With stakes this high, companies need a technology-based solution that provides enhanced data protection.

Why Is HIPAA Important

HIPAA provides important safeguards for patient privacy. It was, however, written before the age of big data. It envisioned a time when hospitals and universities were the main collectors of health information. It did not predict a time when de-identifying patient data might become difficult. In the current framework, there may be private organizations that must comply with HIPAA but have an interest in retaining as much of the raw data as possible.

ETL and HIPAA Security Importance

HIPAA mandates the protection of personally identifiable information (PII) when that information is combined with the health information of an individual. Health information includes payment information for health care, provision of health services, among other information types. PII includes name, phone number, photos, license plate number, or indeed anything that may be used to identify a person.

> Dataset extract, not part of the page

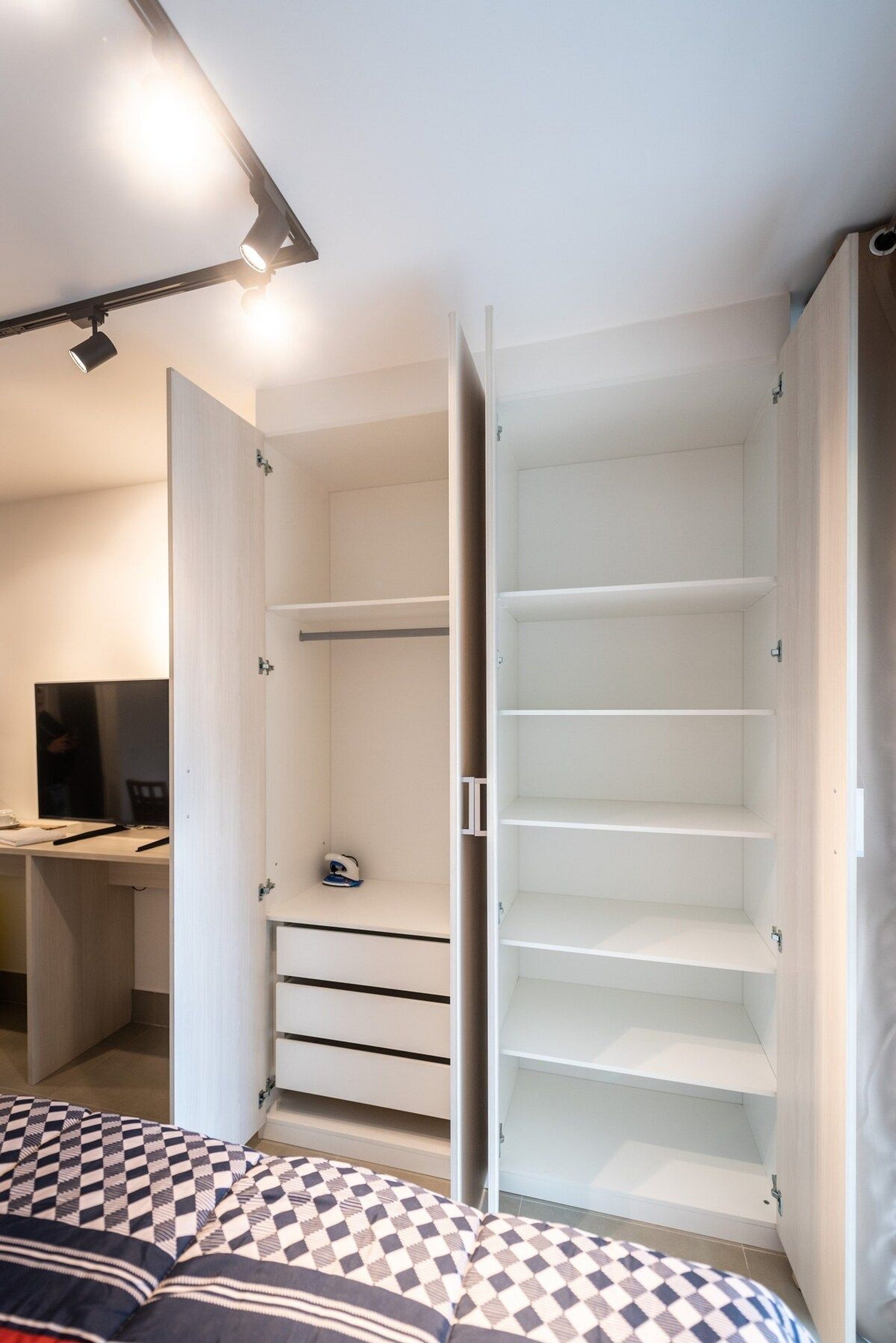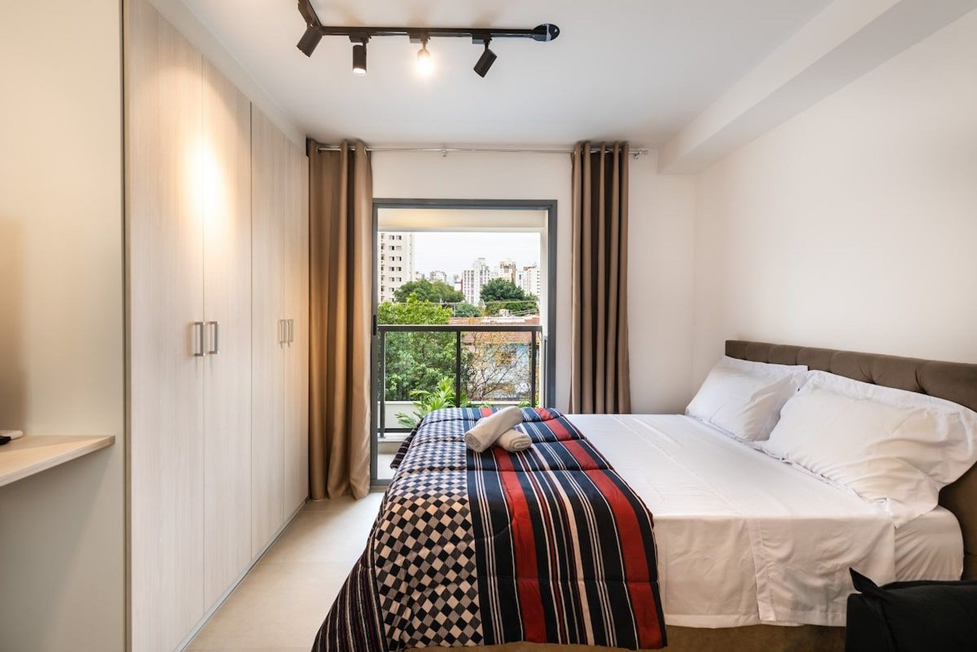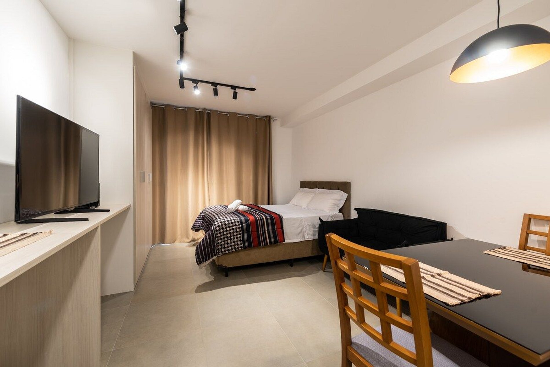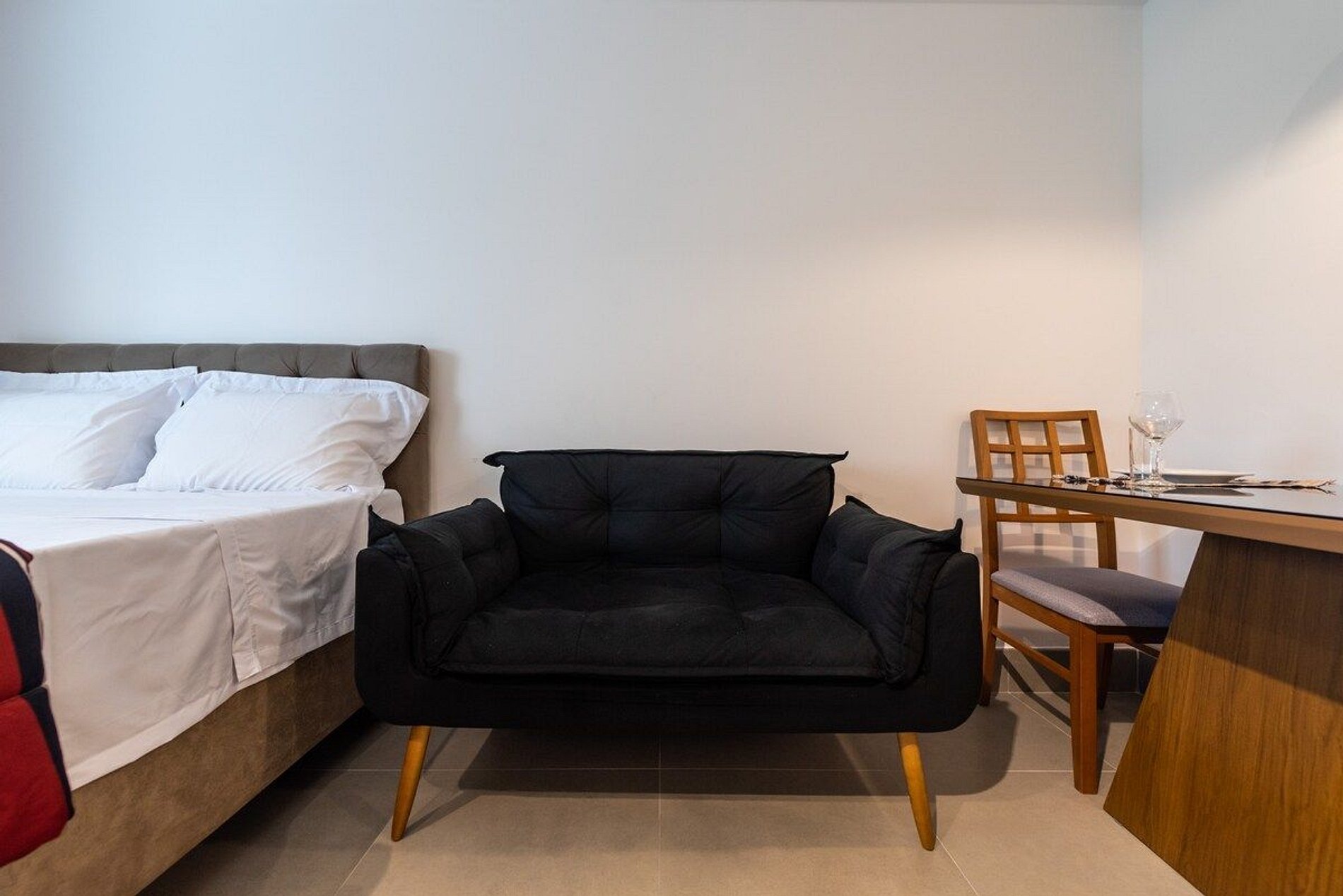 O Studio de 26m², possui uma cama de casal, um sofázinho, mesa de jantar para 2 pessoas, cozinha completa com fogão de indução (2 bocas), forno, filtro de água, geladeira com freezer, cafeteira Nespresso, chaleira elétrica, ferro de passar roupa, secador, guarda-roupa com cabides e 4 travesseiros.

Not following the HIPAA rules -- either through an inadvertent or deliberate action -- has huge repercussions. These are classified as civil violations or criminal violations, as follows:

Civil Violations:

These penalties range from $100 to $1.5 million, based on the covered entity's knowledge and the number of repeated violations. Here are the upper and lower range penalties:

  • Lowest: an entity that unknowingly violates HIPAA is subject to a penalty of $100 to $50,000 per violation.
  • Highest: an entity guilty of willful neglect, combined with a failure to correct the violation within the requested time period, is subject to a penalty of $50,000 per violation up to an annual maximum of $1.5 million.

Criminal Penalties:

These penalties increase in severity according to the method and intent behind the disclosure of the PII:

  • Individuals such as the employees, directors or officers of the covered entity face a fine of up to $50,000 and one year's imprisonment for knowingly obtaining or disclosing PII;
  • If false pretenses were involved, the fine increases to $100,000 and prison time goes up to a 5-year maximum;
  • If the intent is to sell, transfer or use PII for commercial or personal gain, the fine is as much as $250,000 with a 10-year maximum prison term.

Clearly, HIPAA is a law with a great deal of muscle. It is something all covered entities who have PII must take seriously.

Robust Security Offers the Best Defense Against HIPAA Violations

For organizations that hold large amounts of data, it can be time-consuming to find and mask PII using a manual process. It can also introduce errors into the data encryption process, leading to an unintended breach or disclosure of health data.

An automated ETL process improves accuracy and efficiency. Organizations can find PII in a data lake, data warehouse, or indeed at any stage of the ETL process and encrypt that information accordingly. The process is scalable to ensure compliance across multiple ETL jobs.

Integrate.io for HIPAA Compliance

When even an unknowing data breach comes with penalties under HIPAA, it is essential to have the most robust security safeguards possible. Integrate.io goes above and beyond to achieve these:

  • Field-level encryption means PII and personal health information are protected at the source before they are added to a data lake, warehouse, or another internal system;
  • Integrate.io is cloud-based. That means not even Integrate.io's team members have access to client data.

Integrate.io's processes comply with HIPAA business associate standards. We become a party to business associate agreements, as per the HIPAA guidelines. This provides further reassurance to our client partners that our platform not only makes their work easier and more efficient, but it also safeguards the important data with which they have been entrusted. This is on top of Integrate.io's superior security protocols, including SSL/TLS encryption, physical security of infrastructure, network and system security.